Task brief:
Give back the entries that follow exactly as written. Any picture gets left out.

(Input records begins)

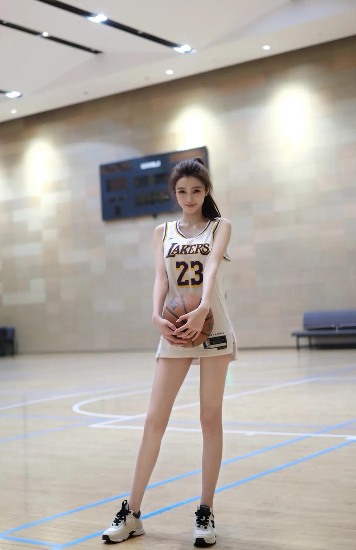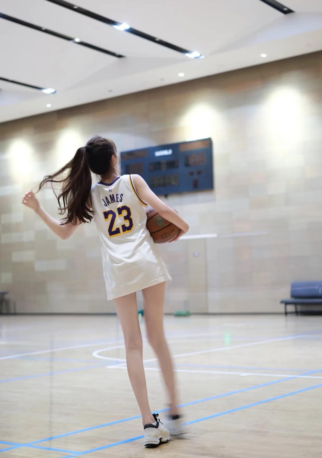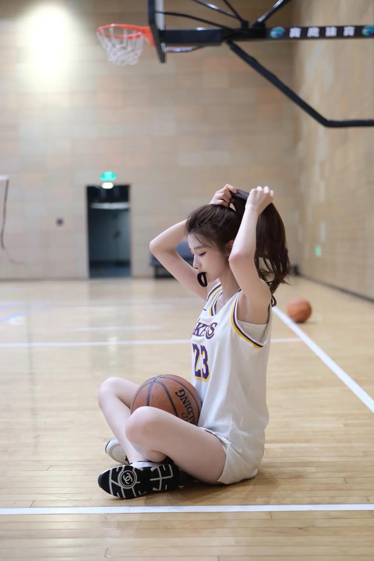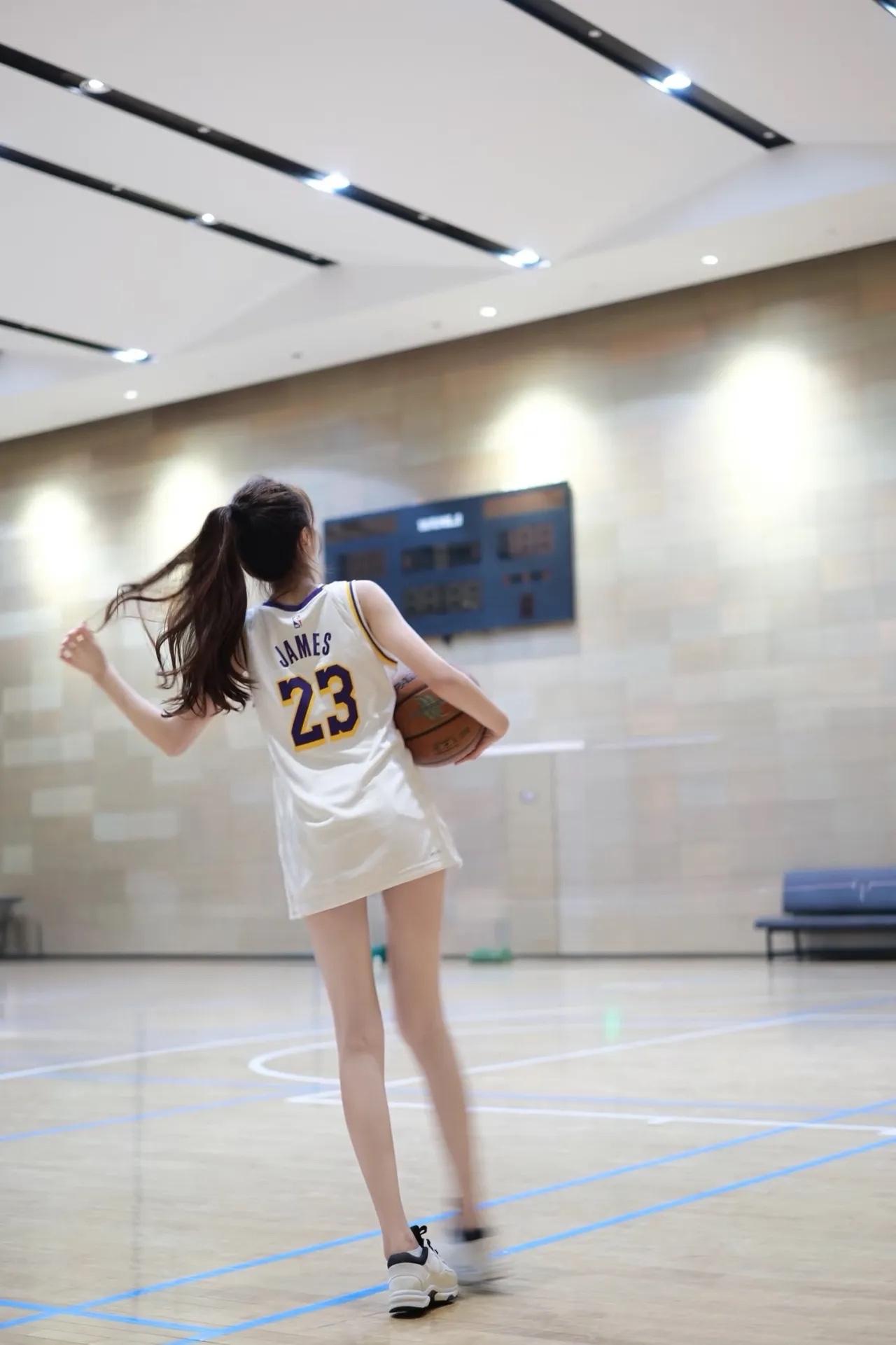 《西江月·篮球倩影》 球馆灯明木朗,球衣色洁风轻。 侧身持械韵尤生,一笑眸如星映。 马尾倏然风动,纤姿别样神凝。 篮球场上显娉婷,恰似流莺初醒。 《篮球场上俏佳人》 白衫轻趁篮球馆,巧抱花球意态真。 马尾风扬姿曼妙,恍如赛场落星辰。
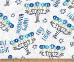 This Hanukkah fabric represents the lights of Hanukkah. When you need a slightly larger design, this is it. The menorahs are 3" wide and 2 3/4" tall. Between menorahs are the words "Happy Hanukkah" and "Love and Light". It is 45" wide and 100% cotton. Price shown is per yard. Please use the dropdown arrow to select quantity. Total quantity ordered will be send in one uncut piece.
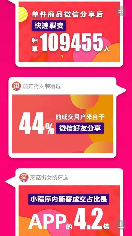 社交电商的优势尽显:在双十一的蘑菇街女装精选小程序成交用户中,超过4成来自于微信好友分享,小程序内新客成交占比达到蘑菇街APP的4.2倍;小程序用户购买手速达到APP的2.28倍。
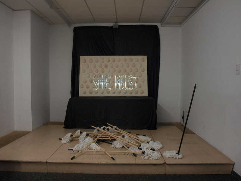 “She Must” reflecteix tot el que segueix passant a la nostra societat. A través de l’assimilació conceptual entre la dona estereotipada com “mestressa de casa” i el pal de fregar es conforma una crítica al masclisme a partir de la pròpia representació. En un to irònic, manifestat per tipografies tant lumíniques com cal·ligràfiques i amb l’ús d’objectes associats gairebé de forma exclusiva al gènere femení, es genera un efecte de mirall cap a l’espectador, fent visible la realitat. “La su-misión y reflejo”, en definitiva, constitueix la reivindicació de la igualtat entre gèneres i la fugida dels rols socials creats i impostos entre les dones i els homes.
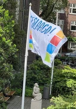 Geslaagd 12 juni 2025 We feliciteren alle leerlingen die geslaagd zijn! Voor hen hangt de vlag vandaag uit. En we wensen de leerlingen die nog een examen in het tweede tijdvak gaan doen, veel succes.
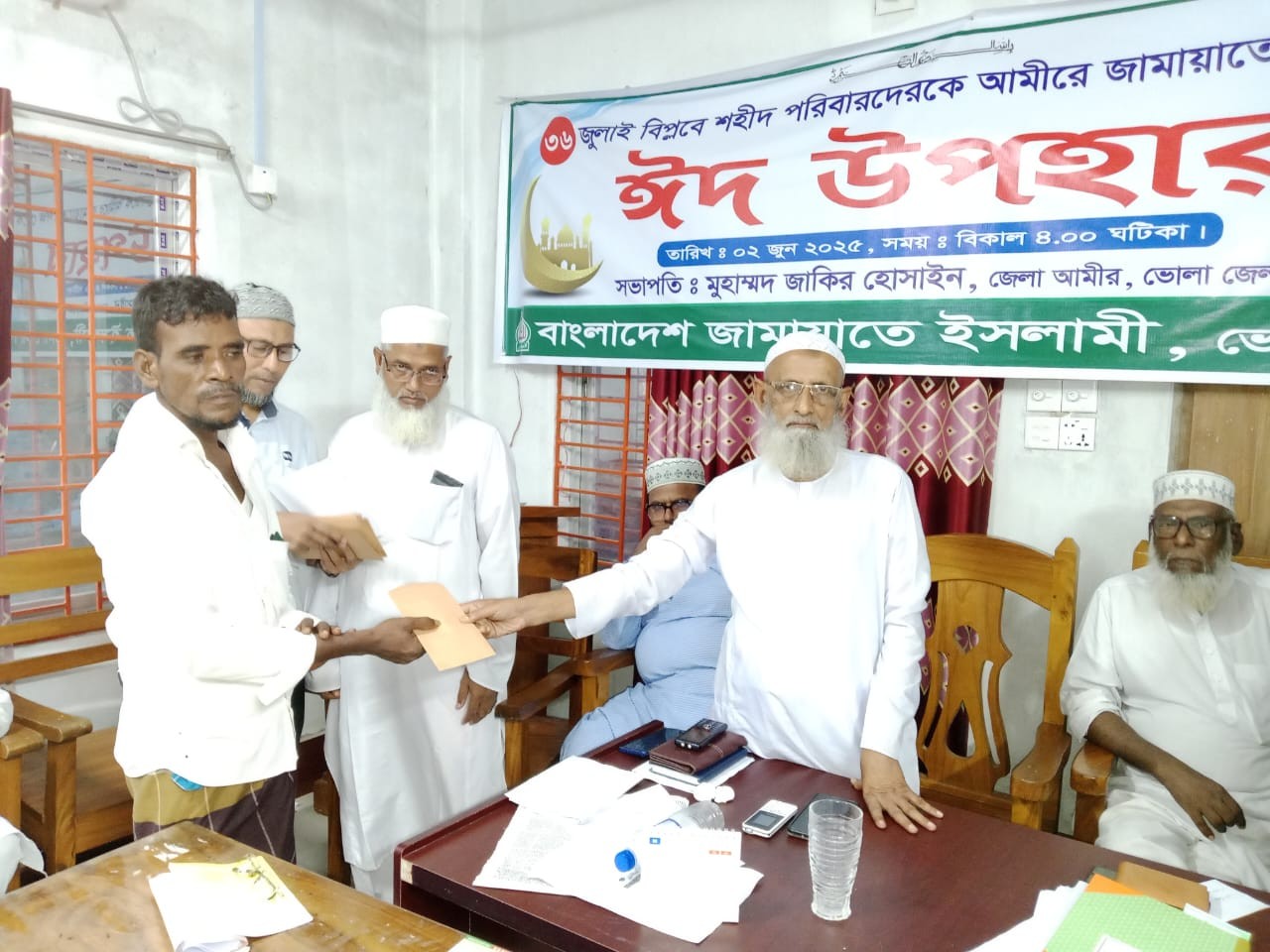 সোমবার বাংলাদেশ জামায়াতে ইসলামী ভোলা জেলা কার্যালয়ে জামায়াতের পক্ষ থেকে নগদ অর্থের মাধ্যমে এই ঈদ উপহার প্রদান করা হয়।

(Input records ends)

Solution for this task:
 《西江月·篮球倩影》 球馆灯明木朗,球衣色洁风轻。 侧身持械韵尤生,一笑眸如星映。 马尾倏然风动,纤姿别样神凝。 篮球场上显娉婷,恰似流莺初醒。 《篮球场上俏佳人》 白衫轻趁篮球馆,巧抱花球意态真。 马尾风扬姿曼妙,恍如赛场落星辰。
 This Hanukkah fabric represents the lights of Hanukkah. When you need a slightly larger design, this is it. The menorahs are 3" wide and 2 3/4" tall. Between menorahs are the words "Happy Hanukkah" and "Love and Light". It is 45" wide and 100% cotton. Price shown is per yard. Please use the dropdown arrow to select quantity. Total quantity ordered will be send in one uncut piece.
 社交电商的优势尽显:在双十一的蘑菇街女装精选小程序成交用户中,超过4成来自于微信好友分享,小程序内新客成交占比达到蘑菇街APP的4.2倍;小程序用户购买手速达到APP的2.28倍。
 “She Must” reflecteix tot el que segueix passant a la nostra societat. A través de l’assimilació conceptual entre la dona estereotipada com “mestressa de casa” i el pal de fregar es conforma una crítica al masclisme a partir de la pròpia representació. En un to irònic, manifestat per tipografies tant lumíniques com cal·ligràfiques i amb l’ús d’objectes associats gairebé de forma exclusiva al gènere femení, es genera un efecte de mirall cap a l’espectador, fent visible la realitat. “La su-misión y reflejo”, en definitiva, constitueix la reivindicació de la igualtat entre gèneres i la fugida dels rols socials creats i impostos entre les dones i els homes.
 Geslaagd 12 juni 2025 We feliciteren alle leerlingen die geslaagd zijn! Voor hen hangt de vlag vandaag uit. En we wensen de leerlingen die nog een examen in het tweede tijdvak gaan doen, veel succes.
 সোমবার বাংলাদেশ জামায়াতে ইসলামী ভোলা জেলা কার্যালয়ে জামায়াতের পক্ষ থেকে নগদ অর্থের মাধ্যমে এই ঈদ উপহার প্রদান করা হয়।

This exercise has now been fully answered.